▶ [Task details]: Find the line containing "panorama of the", then print it and each line after it through the end of the listing exactly, with no pictures.

"""

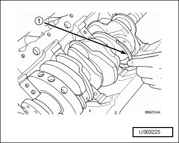 - Move the crankshaft (1) forward to its limit of travel so that the crankshaft thrust face (2) is tight against the thrust bearing.
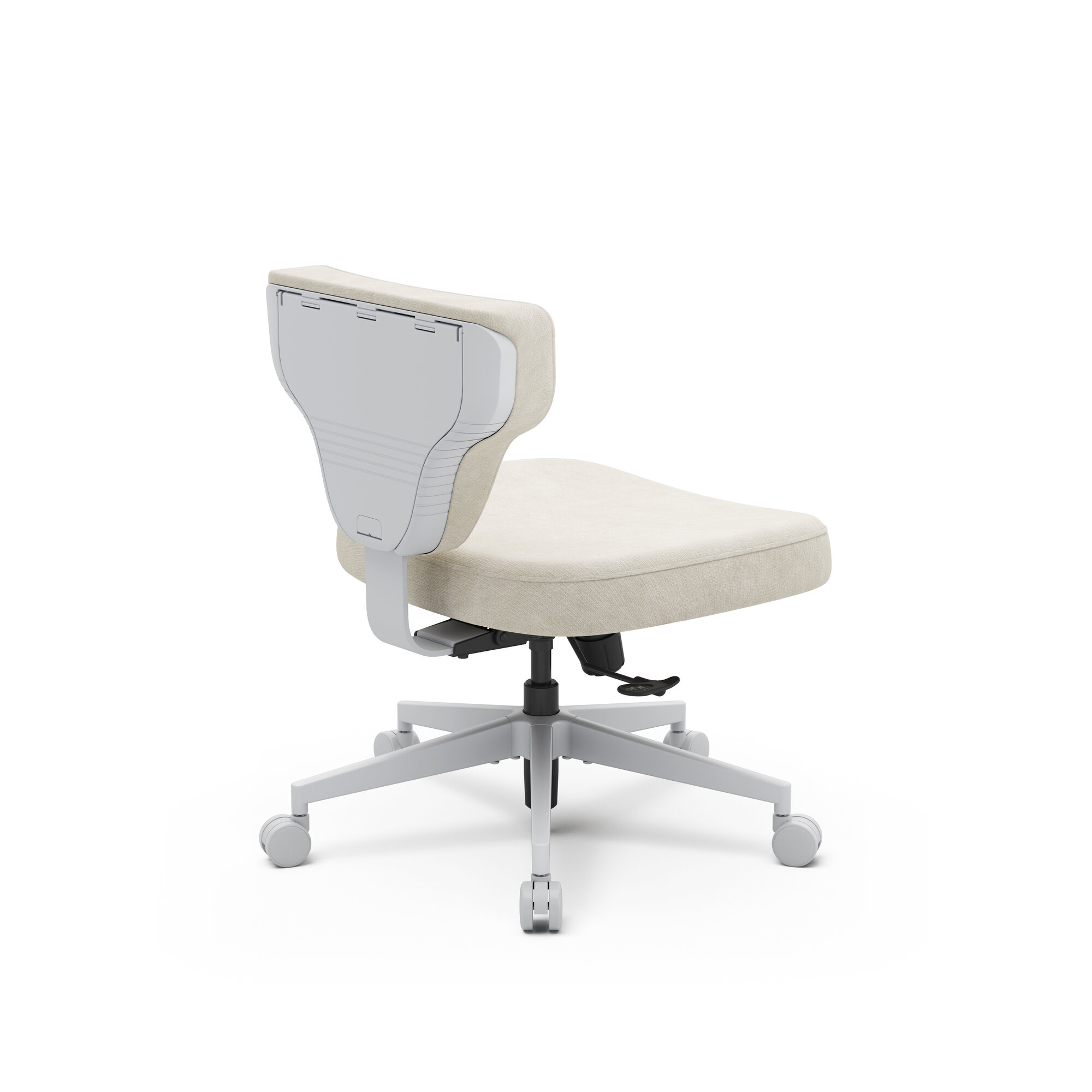 Его минималистичный дизайн идеально подходит для небольших помещений, так как кресло не занимает много места и легко задвигается под стол. Отсутствие подлокотников делает кресло удобным для людей любой комплекции, обеспечивая свободу движений и комфорт при работе.
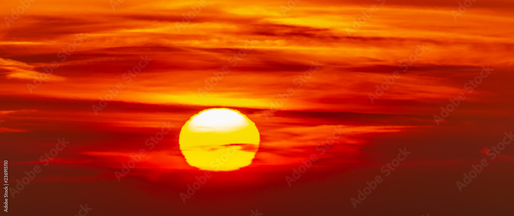 panorama of the sky at sunrise with a solar disk
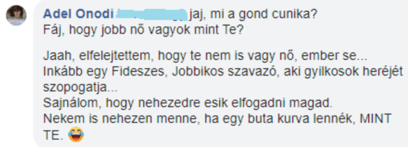 Tehát akkor foglaljuk össze: egy magát nőnek képzelő férfi (”Adél”) megmondja egy nőnek (L.-nek), hogy ő, “Adél” jobb nő nála, hiszen L. nem is nő (persze vele, a herélt “Adéllal” ellentétben), sőt, L. nem is ember, ráadásul buta k*va is, aki gyilkosok heréjét szopogatja. (Ahhoz képest, hogy “Adél” szerint L. nem nő, klasszikus nőgyűlölő gyalázkodásokkal akarja elhallgattatni. Semmi meglepő, a szokásos transzaktivista tempó.)
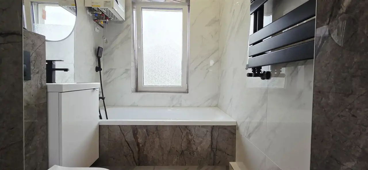 Nowa łazienka – świeżo wykończona w nowoczesnym stylu,

"""

▶ [Problem solution]:
 panorama of the sky at sunrise with a solar disk
 Tehát akkor foglaljuk össze: egy magát nőnek képzelő férfi (”Adél”) megmondja egy nőnek (L.-nek), hogy ő, “Adél” jobb nő nála, hiszen L. nem is nő (persze vele, a herélt “Adéllal” ellentétben), sőt, L. nem is ember, ráadásul buta k*va is, aki gyilkosok heréjét szopogatja. (Ahhoz képest, hogy “Adél” szerint L. nem nő, klasszikus nőgyűlölő gyalázkodásokkal akarja elhallgattatni. Semmi meglepő, a szokásos transzaktivista tempó.)
 Nowa łazienka – świeżo wykończona w nowoczesnym stylu,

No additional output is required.